#### [ENTRIES SHOWN]
□ □ □ □ □

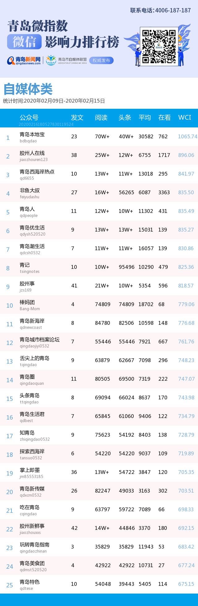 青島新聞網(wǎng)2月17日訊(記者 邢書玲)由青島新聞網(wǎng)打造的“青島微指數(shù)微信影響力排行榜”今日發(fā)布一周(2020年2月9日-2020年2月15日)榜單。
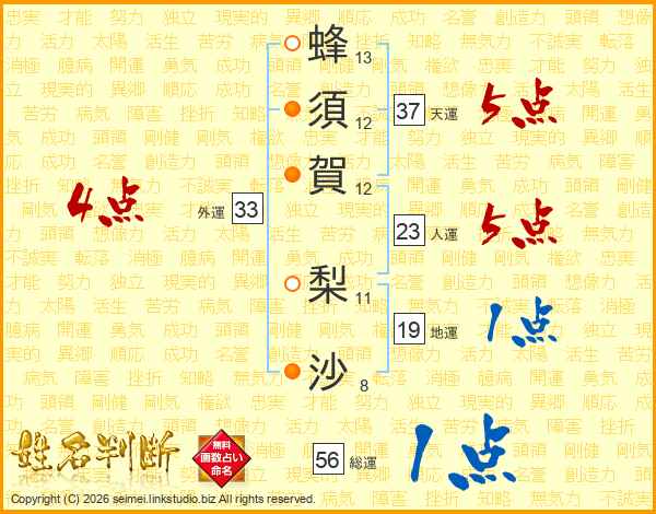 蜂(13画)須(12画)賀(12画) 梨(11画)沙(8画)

□ □ □ □ □

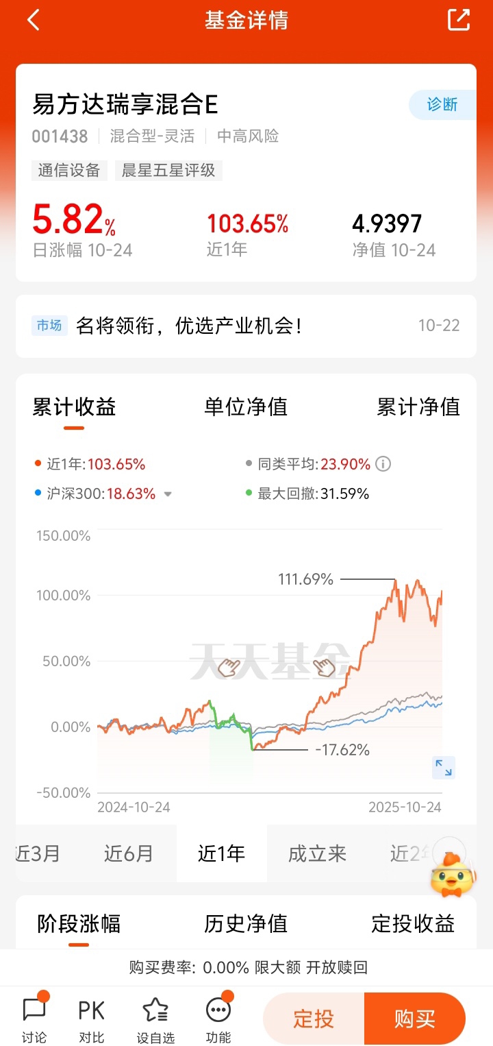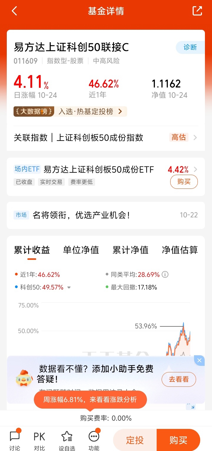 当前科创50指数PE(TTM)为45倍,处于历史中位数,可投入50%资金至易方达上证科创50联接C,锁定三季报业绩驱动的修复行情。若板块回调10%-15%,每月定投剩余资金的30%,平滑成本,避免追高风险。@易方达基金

□ □ □ □ □

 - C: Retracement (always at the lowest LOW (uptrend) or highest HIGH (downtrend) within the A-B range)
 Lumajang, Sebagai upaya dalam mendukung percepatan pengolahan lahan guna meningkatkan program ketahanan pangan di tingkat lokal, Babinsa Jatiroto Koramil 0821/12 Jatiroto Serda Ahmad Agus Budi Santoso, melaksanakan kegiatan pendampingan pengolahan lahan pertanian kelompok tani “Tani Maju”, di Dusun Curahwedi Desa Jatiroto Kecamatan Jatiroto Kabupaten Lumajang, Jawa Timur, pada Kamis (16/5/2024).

□ □ □ □ □

Set down exactly the lines of the data above, beginning with the line that has "- C: Retracement" and ending with the line that has "Lumajang, Sebagai upaya", and no others.

#### [TASK ANSWER]
 - C: Retracement (always at the lowest LOW (uptrend) or highest HIGH (downtrend) within the A-B range)
 Lumajang, Sebagai upaya dalam mendukung percepatan pengolahan lahan guna meningkatkan program ketahanan pangan di tingkat lokal, Babinsa Jatiroto Koramil 0821/12 Jatiroto Serda Ahmad Agus Budi Santoso, melaksanakan kegiatan pendampingan pengolahan lahan pertanian kelompok tani “Tani Maju”, di Dusun Curahwedi Desa Jatiroto Kecamatan Jatiroto Kabupaten Lumajang, Jawa Timur, pada Kamis (16/5/2024).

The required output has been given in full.